** Opening MATERIAL PROVIDED block **

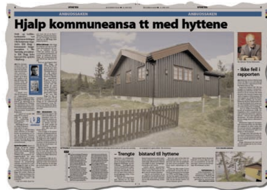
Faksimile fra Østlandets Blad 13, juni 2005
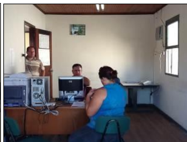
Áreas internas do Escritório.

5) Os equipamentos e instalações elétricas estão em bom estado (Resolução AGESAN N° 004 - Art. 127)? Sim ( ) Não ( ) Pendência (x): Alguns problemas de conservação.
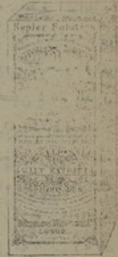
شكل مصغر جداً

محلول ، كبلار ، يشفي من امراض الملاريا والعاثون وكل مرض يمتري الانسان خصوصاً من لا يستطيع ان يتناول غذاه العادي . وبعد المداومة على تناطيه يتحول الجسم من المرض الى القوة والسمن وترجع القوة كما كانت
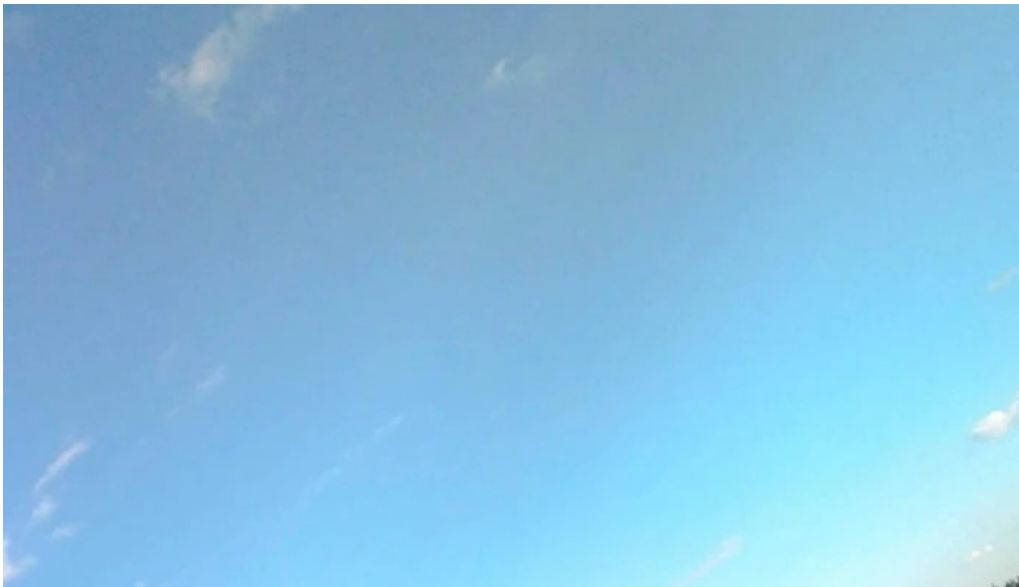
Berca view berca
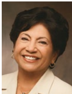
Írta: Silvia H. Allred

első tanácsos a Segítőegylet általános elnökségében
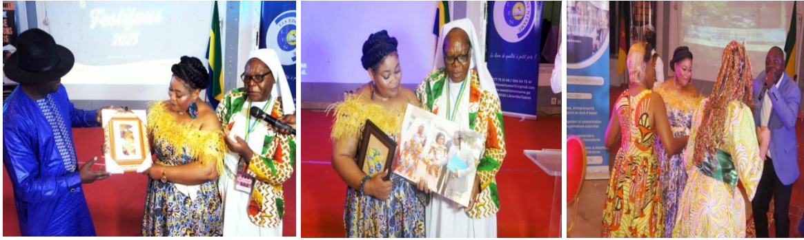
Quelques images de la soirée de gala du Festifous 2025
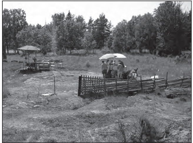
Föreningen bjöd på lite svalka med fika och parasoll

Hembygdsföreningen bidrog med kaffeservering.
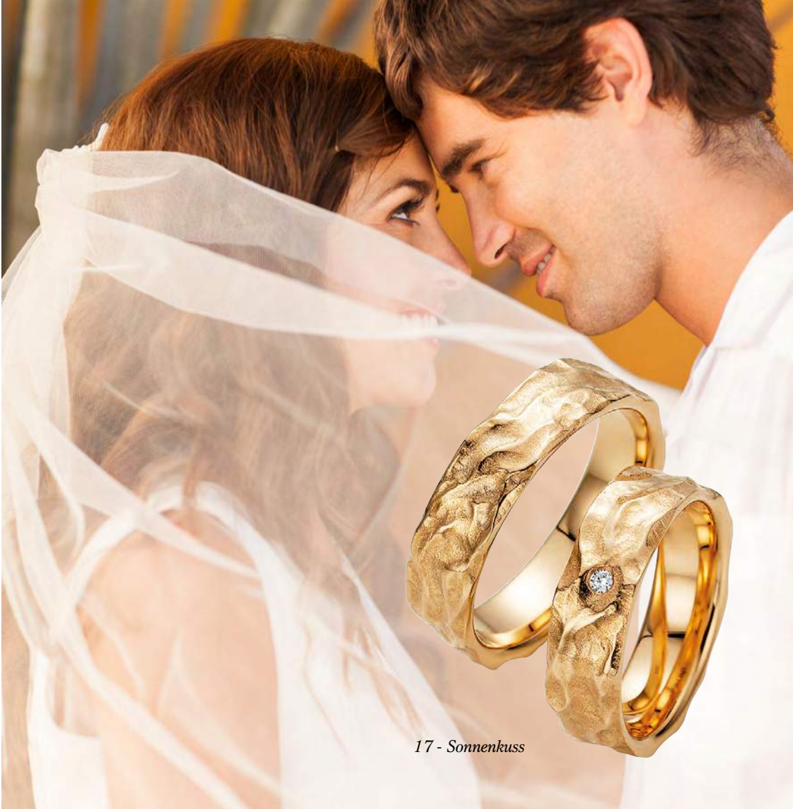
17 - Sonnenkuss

** Closing MATERIAL PROVIDED block **
** Opening MATERIAL PROVIDED block **

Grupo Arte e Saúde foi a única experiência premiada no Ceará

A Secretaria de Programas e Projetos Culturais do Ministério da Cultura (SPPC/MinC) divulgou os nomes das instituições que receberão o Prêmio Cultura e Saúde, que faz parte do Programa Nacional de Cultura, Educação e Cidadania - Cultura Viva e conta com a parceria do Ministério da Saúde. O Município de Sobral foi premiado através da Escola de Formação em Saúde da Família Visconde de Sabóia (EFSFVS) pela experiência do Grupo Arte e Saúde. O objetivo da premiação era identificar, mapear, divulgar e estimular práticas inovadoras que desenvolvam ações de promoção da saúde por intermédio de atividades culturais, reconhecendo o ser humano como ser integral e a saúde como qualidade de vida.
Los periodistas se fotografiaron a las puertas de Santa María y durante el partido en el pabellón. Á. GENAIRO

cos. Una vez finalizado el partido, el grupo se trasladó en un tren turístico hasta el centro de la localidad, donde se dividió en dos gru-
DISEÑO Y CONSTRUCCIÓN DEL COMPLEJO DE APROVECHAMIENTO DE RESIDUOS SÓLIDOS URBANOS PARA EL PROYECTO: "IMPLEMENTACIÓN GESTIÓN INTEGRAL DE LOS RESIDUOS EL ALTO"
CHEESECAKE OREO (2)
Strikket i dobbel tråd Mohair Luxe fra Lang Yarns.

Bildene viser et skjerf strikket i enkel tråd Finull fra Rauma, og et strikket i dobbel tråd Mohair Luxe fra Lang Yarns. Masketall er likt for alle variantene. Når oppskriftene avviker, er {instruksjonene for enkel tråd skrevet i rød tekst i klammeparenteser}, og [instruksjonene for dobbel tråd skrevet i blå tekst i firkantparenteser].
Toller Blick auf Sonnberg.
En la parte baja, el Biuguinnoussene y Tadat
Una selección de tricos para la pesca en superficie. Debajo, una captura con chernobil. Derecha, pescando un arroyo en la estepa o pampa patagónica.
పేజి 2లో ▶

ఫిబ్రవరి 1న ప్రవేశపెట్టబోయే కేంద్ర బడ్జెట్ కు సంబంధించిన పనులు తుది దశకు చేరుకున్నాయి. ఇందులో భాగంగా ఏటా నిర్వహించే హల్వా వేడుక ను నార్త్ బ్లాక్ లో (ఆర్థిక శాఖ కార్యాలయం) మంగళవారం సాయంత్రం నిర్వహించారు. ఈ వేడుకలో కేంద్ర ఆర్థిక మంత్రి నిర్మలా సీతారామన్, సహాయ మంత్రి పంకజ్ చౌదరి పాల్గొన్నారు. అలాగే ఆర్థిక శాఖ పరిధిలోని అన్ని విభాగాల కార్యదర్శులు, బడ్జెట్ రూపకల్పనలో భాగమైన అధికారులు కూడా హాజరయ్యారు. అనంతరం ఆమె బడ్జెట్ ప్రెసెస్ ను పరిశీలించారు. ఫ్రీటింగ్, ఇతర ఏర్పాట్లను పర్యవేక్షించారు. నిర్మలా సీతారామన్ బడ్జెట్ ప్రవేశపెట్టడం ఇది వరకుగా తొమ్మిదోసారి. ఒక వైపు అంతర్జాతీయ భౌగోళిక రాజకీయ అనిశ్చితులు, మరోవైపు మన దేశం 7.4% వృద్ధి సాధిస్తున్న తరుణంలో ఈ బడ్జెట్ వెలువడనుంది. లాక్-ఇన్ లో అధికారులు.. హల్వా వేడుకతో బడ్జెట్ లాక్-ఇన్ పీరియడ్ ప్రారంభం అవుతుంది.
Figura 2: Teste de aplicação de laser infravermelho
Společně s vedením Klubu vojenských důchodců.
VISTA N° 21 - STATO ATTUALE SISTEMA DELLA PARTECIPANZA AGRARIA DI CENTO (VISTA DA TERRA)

** Closing MATERIAL PROVIDED block **

WHAT TO PRODUCE: Return exactly, and only, the lines above starting at the line that contains "ఫిబ్రవరి 1న ప్రవేశపెట్టబోయే" and ending at the line that contains "VISTA N° 21".

OUTPUT OF THE TASK:
ఫిబ్రవరి 1న ప్రవేశపెట్టబోయే కేంద్ర బడ్జెట్ కు సంబంధించిన పనులు తుది దశకు చేరుకున్నాయి. ఇందులో భాగంగా ఏటా నిర్వహించే హల్వా వేడుక ను నార్త్ బ్లాక్ లో (ఆర్థిక శాఖ కార్యాలయం) మంగళవారం సాయంత్రం నిర్వహించారు. ఈ వేడుకలో కేంద్ర ఆర్థిక మంత్రి నిర్మలా సీతారామన్, సహాయ మంత్రి పంకజ్ చౌదరి పాల్గొన్నారు. అలాగే ఆర్థిక శాఖ పరిధిలోని అన్ని విభాగాల కార్యదర్శులు, బడ్జెట్ రూపకల్పనలో భాగమైన అధికారులు కూడా హాజరయ్యారు. అనంతరం ఆమె బడ్జెట్ ప్రెసెస్ ను పరిశీలించారు. ఫ్రీటింగ్, ఇతర ఏర్పాట్లను పర్యవేక్షించారు. నిర్మలా సీతారామన్ బడ్జెట్ ప్రవేశపెట్టడం ఇది వరకుగా తొమ్మిదోసారి. ఒక వైపు అంతర్జాతీయ భౌగోళిక రాజకీయ అనిశ్చితులు, మరోవైపు మన దేశం 7.4% వృద్ధి సాధిస్తున్న తరుణంలో ఈ బడ్జెట్ వెలువడనుంది. లాక్-ఇన్ లో అధికారులు.. హల్వా వేడుకతో బడ్జెట్ లాక్-ఇన్ పీరియడ్ ప్రారంభం అవుతుంది.
Figura 2: Teste de aplicação de laser infravermelho
Společně s vedením Klubu vojenských důchodců.
VISTA N° 21 - STATO ATTUALE SISTEMA DELLA PARTECIPANZA AGRARIA DI CENTO (VISTA DA TERRA)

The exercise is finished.